- GIVEN DATA:
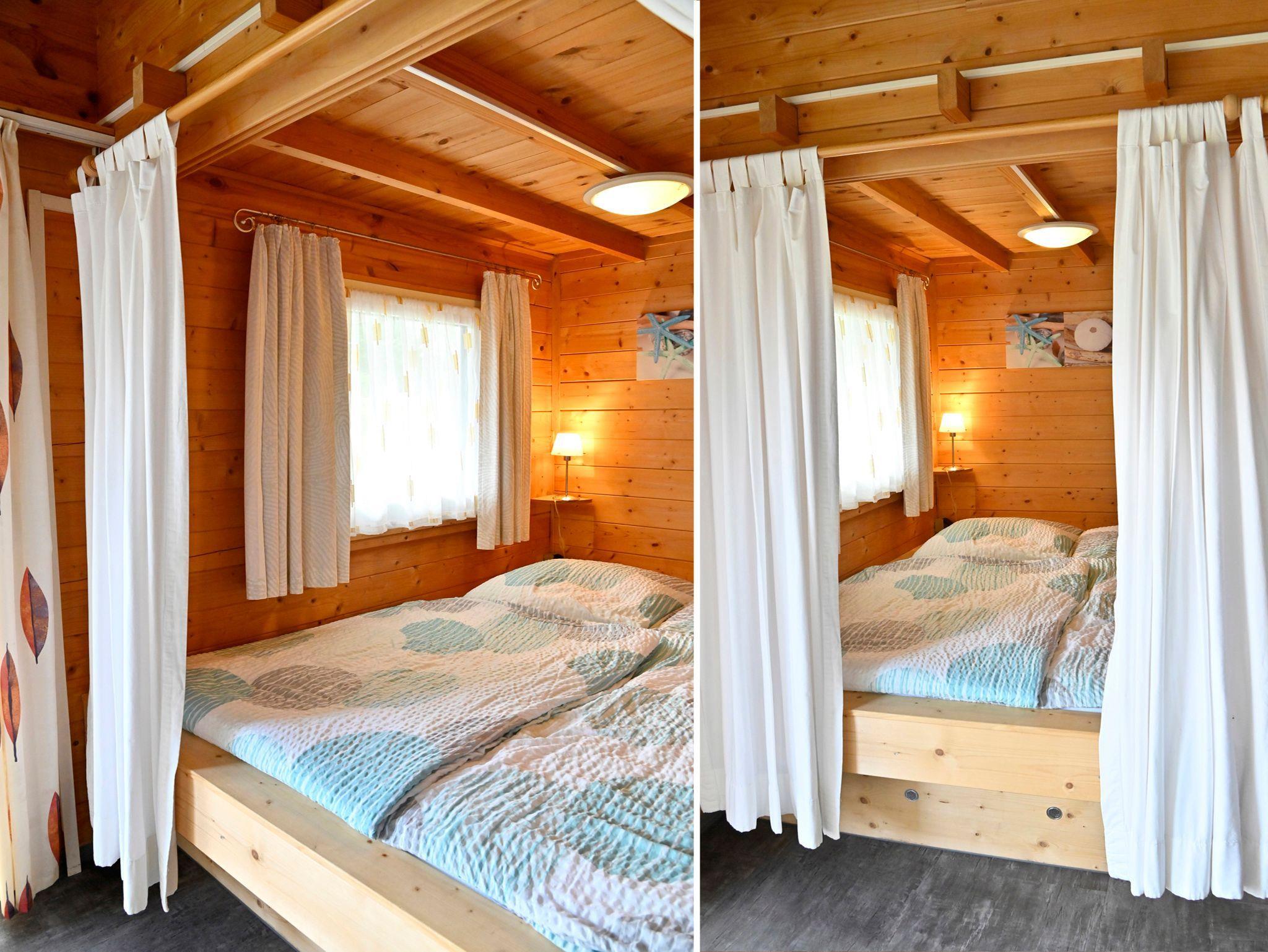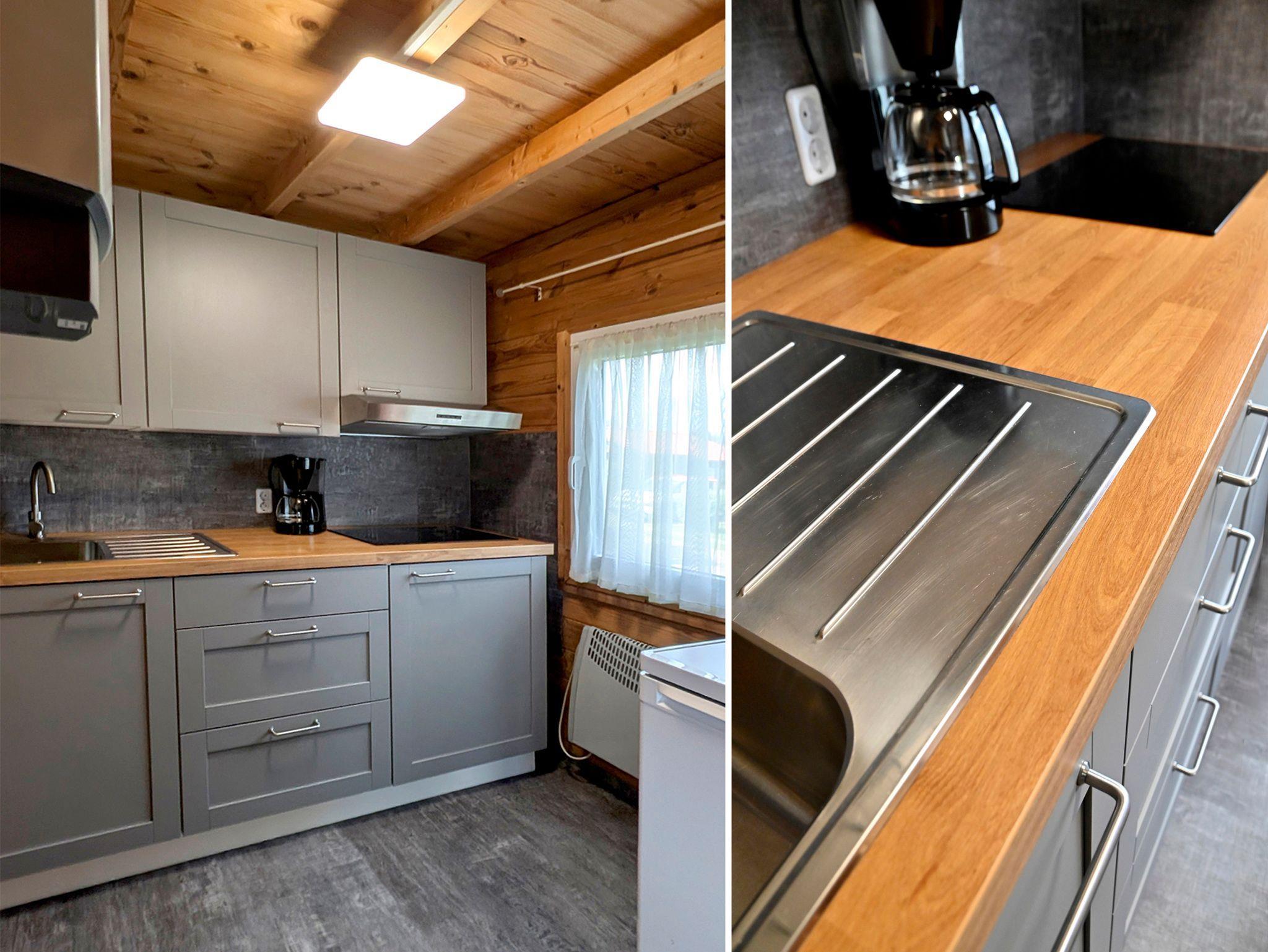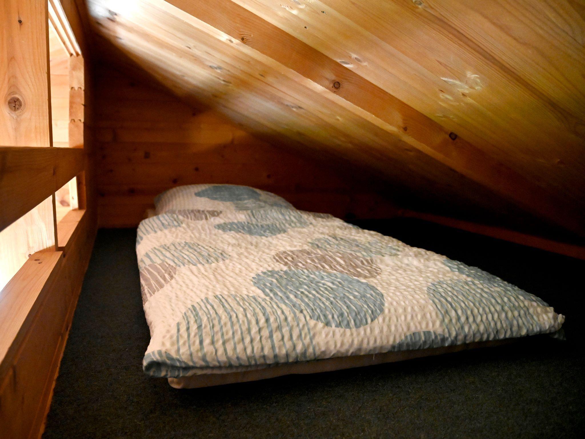 Küche mit Mikrowelle, Bad mit Dusche und WC, Wohnraum mit Schlafnische mit Doppelbett, SAT-TV, Radio, Sofa, 1 Schlafboden mit Aufleger über eine Leiter erreichbar, Außengrill, Parkmöglichkeit am Haus
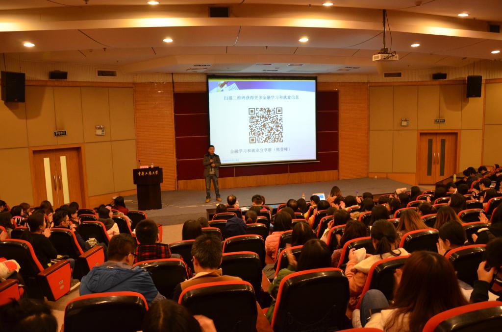 11月9日晚上七点,由财政天游ty8线路1线路2检测中心分团委主办的“金融就业前景与路径”讲座于在我校南岸校区博智楼7200报告厅顺利举行。本次讲座特邀招商银行重庆分行副总熊登峰老师作为主讲人,学院常务副院长莫云、学生第一党支部书记文理莅临现场。
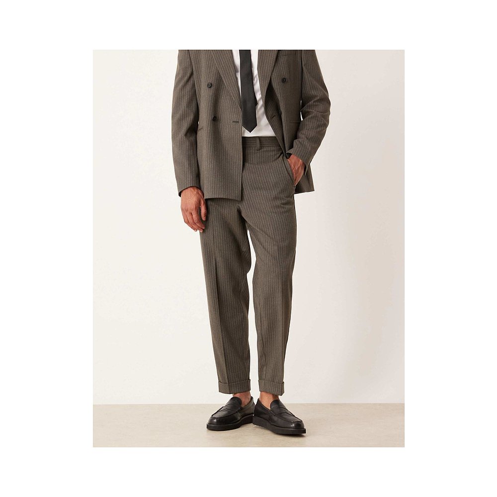 设计宽松锥形木炭色法兰绒细条纹西装 男士 香港直邮ASOS 1h可退
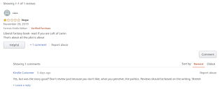 The review was basically a throw away remark that my book is Liberal and left wing... BRILLIANT! The book is first and foremost a science fiction story. It's also a projection into the future which is based on my opinion of the current state of the world. It doesn't paint a very positive picture of our future, run away climate change, capitalism and cruel authoritarian conservatism on steroids are the backdrop to the story. So I guess the reviewer has focussed on the setting as opposed to the story, the writing, or the emotion.... However, what budding hobbyist writer would not want to be put in the same bucket as some of the greatest Sci-Fi authors, indeed some of the greatest authors there have ever been and ever will be?! Ursula K. Le Guin, George Orwell, Ray Bradbury, Aldous Huxley.. have written books considered to be liberal and/or left wing. I am in no way comparing myself or my writing to them, but I feel utterly delighted that my book could possibly be considered through the same political lens.
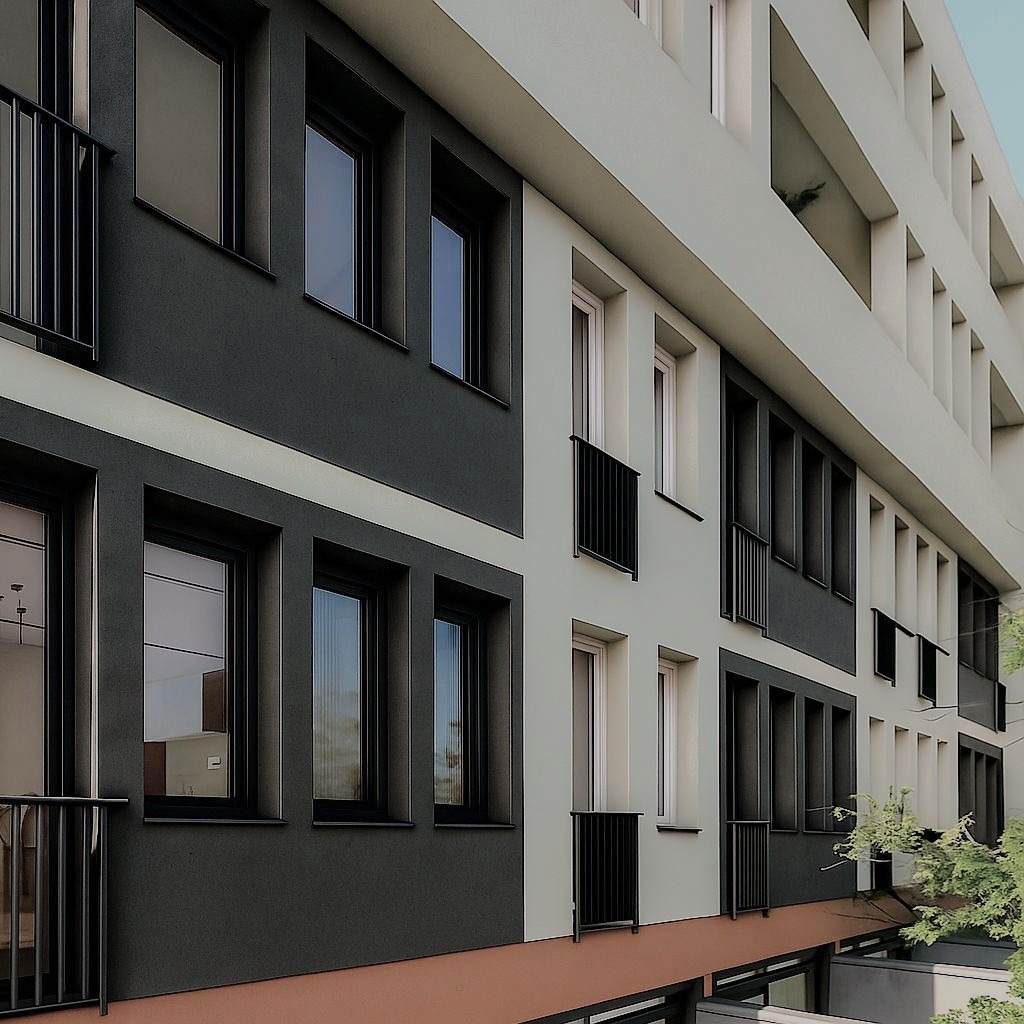 A négy szintes társasház felső két szintjén meglévő, már lakott lakások helyezkednek el, az alsó két szinten pedig az eddigi iroda (back-office) funkció helyett szintenként 13 db lakás kerül a kornak mindenben megfelelő műszaki színvonalon kialakításra.
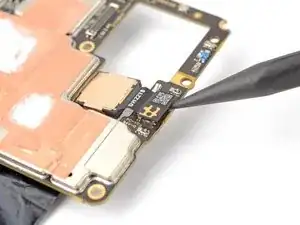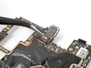 Схватите пинцетом нижний правый угол материнской платы вблизи штифта на правом краю телефона.
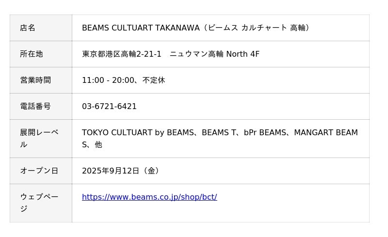 株式会社ビームス(本社:東京都渋谷区、代表取締役社長:設楽洋)は、東京港区の「高輪ゲートウェイシティ(TAKANAWA GATEWAY CITY)」に開業する大型商業施設「ニュウマン高輪(NEWoMan TAKANAWA)」に、アートやカルチャーの面白さを発信するプロジェクト「ビームス カルチャート(BEAMS CULTUART)」初の単独店として「ビームス カルチャート 高輪(BEAMS CULTUART TAKANAWA)」を、2025年9月12日(金)にオープンします。
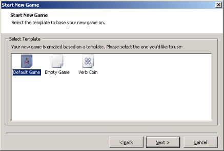 The "Default Game" template is what we'll be using, as it comes with some default graphics to get you started quickly. The "Empty Game" template is something you may want to use later on when you're familiar with AGS - it comes with no default graphics at all.
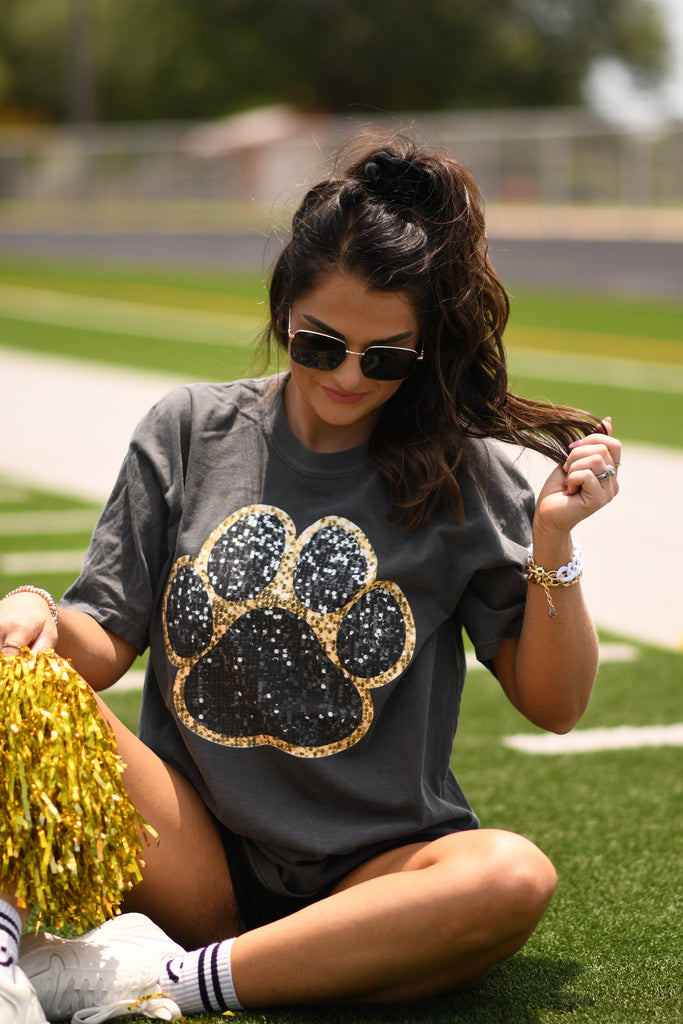 The Black & Gold Faux Glitter Paw Print Tee is a sensational customer favorite, and we hope you like it just as much.
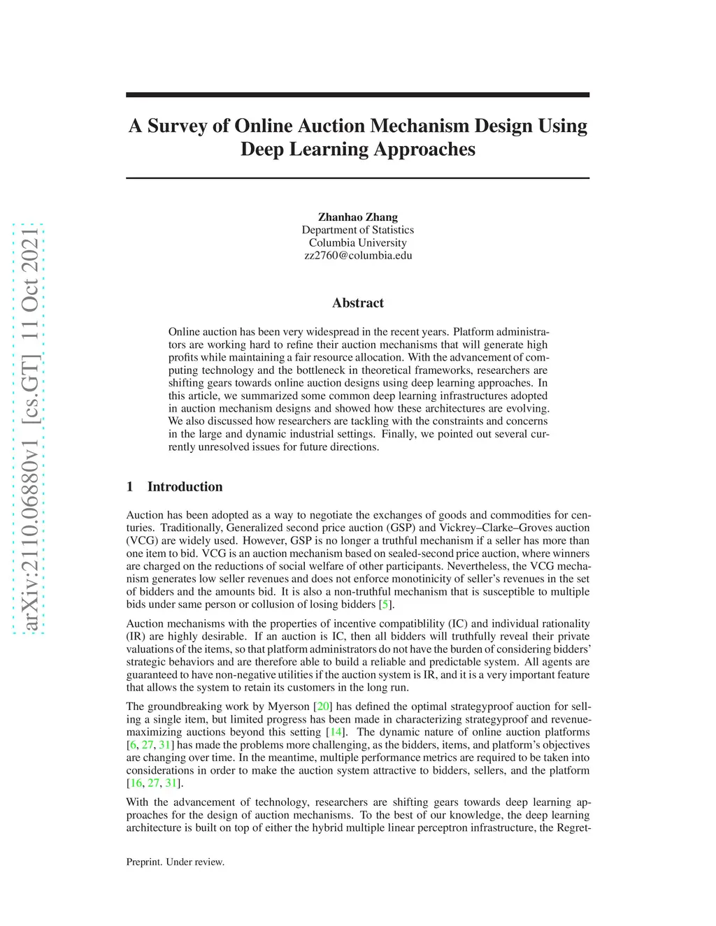 A Survey of Online Auction Mechanism Design Using Deep Learning
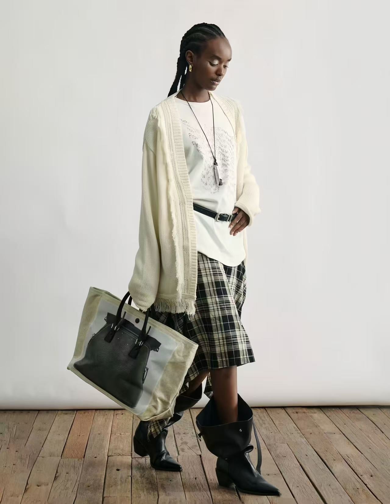 A textured openwork cardigan crafted from a unique paper-yarn blend. Structured yet lightweight, it offers natural drape, organic texture, and effortless comfort. Finished with fringe detailing for an artisanal, handcrafted look.
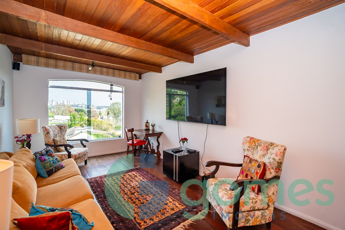 No andar superior, você encontrará quatro dormitórios, incluindo duas suítes equipadas com lareira, proporcionando um ambiente acolhedor. Todos os quartos contam com amplas sacadas que oferecem uma vista deslumbrante para o Parque Barigui. Além disso, um charmoso closed em madeira planejada e uma sala de banho com banheira garantem um toque de elegância e praticidade. A sala de estar é ideal para momentos de relaxamento e convivência em família
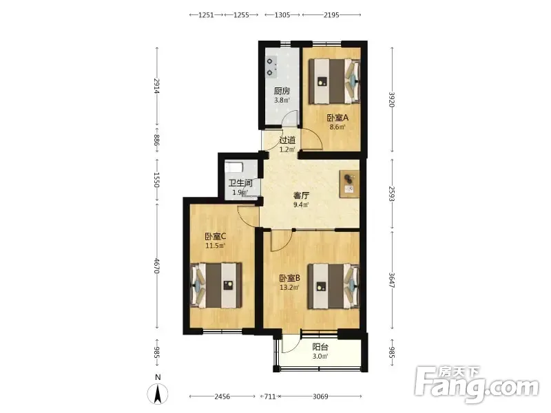 自营房源:南北通透三居室 格局好 户型好 周边配套齐全
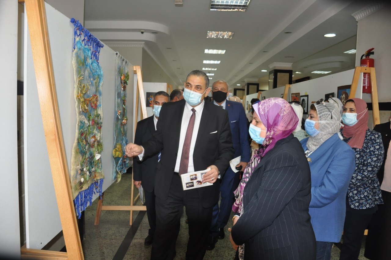 صور.. رئيس جامعة كفرالشيخ يفتتح 5 معارض فنية لطلاب النوعية
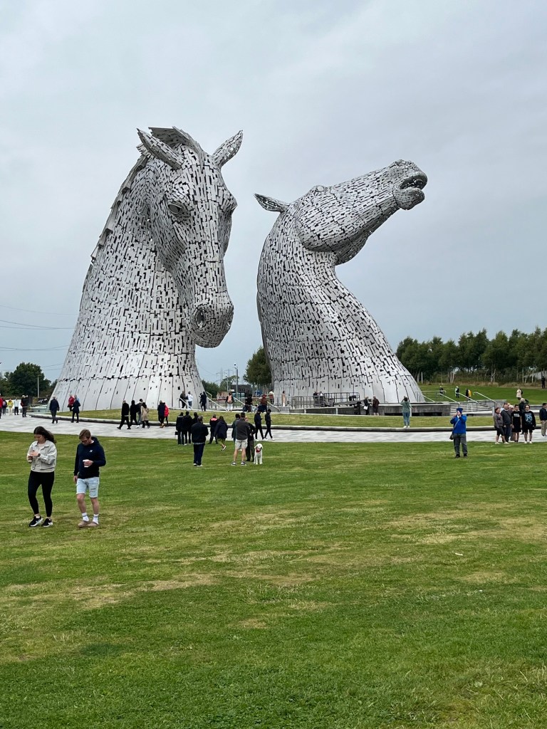 Day four was D’s birthday, and a typical Scottish day as far as the weather went…. Showers on and off with blue sky inbetween. After Brekky, we went for a drive to see the Kelpies. Gigantic horse heads made from steel that rise up out of the ground. They are fabulous! The walk up to them goes along a canal that has all kinds of bushes along its edge. I loved being able to pick blackberries and rosehips as we were walking past. D was excited to find an ice cream vendor who had Double Nougats – an ice cream sandwich I have heard so much about for a long time! It was pretty yummy!

- TASK STATEMENT:
Copy every entry exactly; drop the pictures.

- SOLUTION TO THIS EXERCISE:
 Küche mit Mikrowelle, Bad mit Dusche und WC, Wohnraum mit Schlafnische mit Doppelbett, SAT-TV, Radio, Sofa, 1 Schlafboden mit Aufleger über eine Leiter erreichbar, Außengrill, Parkmöglichkeit am Haus
 11月9日晚上七点,由财政天游ty8线路1线路2检测中心分团委主办的“金融就业前景与路径”讲座于在我校南岸校区博智楼7200报告厅顺利举行。本次讲座特邀招商银行重庆分行副总熊登峰老师作为主讲人,学院常务副院长莫云、学生第一党支部书记文理莅临现场。
 设计宽松锥形木炭色法兰绒细条纹西装 男士 香港直邮ASOS 1h可退
 The review was basically a throw away remark that my book is Liberal and left wing... BRILLIANT! The book is first and foremost a science fiction story. It's also a projection into the future which is based on my opinion of the current state of the world. It doesn't paint a very positive picture of our future, run away climate change, capitalism and cruel authoritarian conservatism on steroids are the backdrop to the story. So I guess the reviewer has focussed on the setting as opposed to the story, the writing, or the emotion.... However, what budding hobbyist writer would not want to be put in the same bucket as some of the greatest Sci-Fi authors, indeed some of the greatest authors there have ever been and ever will be?! Ursula K. Le Guin, George Orwell, Ray Bradbury, Aldous Huxley.. have written books considered to be liberal and/or left wing. I am in no way comparing myself or my writing to them, but I feel utterly delighted that my book could possibly be considered through the same political lens.
 A négy szintes társasház felső két szintjén meglévő, már lakott lakások helyezkednek el, az alsó két szinten pedig az eddigi iroda (back-office) funkció helyett szintenként 13 db lakás kerül a kornak mindenben megfelelő műszaki színvonalon kialakításra.
 Схватите пинцетом нижний правый угол материнской платы вблизи штифта на правом краю телефона.
 株式会社ビームス(本社:東京都渋谷区、代表取締役社長:設楽洋)は、東京港区の「高輪ゲートウェイシティ(TAKANAWA GATEWAY CITY)」に開業する大型商業施設「ニュウマン高輪(NEWoMan TAKANAWA)」に、アートやカルチャーの面白さを発信するプロジェクト「ビームス カルチャート(BEAMS CULTUART)」初の単独店として「ビームス カルチャート 高輪(BEAMS CULTUART TAKANAWA)」を、2025年9月12日(金)にオープンします。
 The "Default Game" template is what we'll be using, as it comes with some default graphics to get you started quickly. The "Empty Game" template is something you may want to use later on when you're familiar with AGS - it comes with no default graphics at all.
 The Black & Gold Faux Glitter Paw Print Tee is a sensational customer favorite, and we hope you like it just as much.
 A Survey of Online Auction Mechanism Design Using Deep Learning
 A textured openwork cardigan crafted from a unique paper-yarn blend. Structured yet lightweight, it offers natural drape, organic texture, and effortless comfort. Finished with fringe detailing for an artisanal, handcrafted look.
 No andar superior, você encontrará quatro dormitórios, incluindo duas suítes equipadas com lareira, proporcionando um ambiente acolhedor. Todos os quartos contam com amplas sacadas que oferecem uma vista deslumbrante para o Parque Barigui. Além disso, um charmoso closed em madeira planejada e uma sala de banho com banheira garantem um toque de elegância e praticidade. A sala de estar é ideal para momentos de relaxamento e convivência em família
 自营房源:南北通透三居室 格局好 户型好 周边配套齐全
 صور.. رئيس جامعة كفرالشيخ يفتتح 5 معارض فنية لطلاب النوعية
 Day four was D’s birthday, and a typical Scottish day as far as the weather went…. Showers on and off with blue sky inbetween. After Brekky, we went for a drive to see the Kelpies. Gigantic horse heads made from steel that rise up out of the ground. They are fabulous! The walk up to them goes along a canal that has all kinds of bushes along its edge. I loved being able to pick blackberries and rosehips as we were walking past. D was excited to find an ice cream vendor who had Double Nougats – an ice cream sandwich I have heard so much about for a long time! It was pretty yummy!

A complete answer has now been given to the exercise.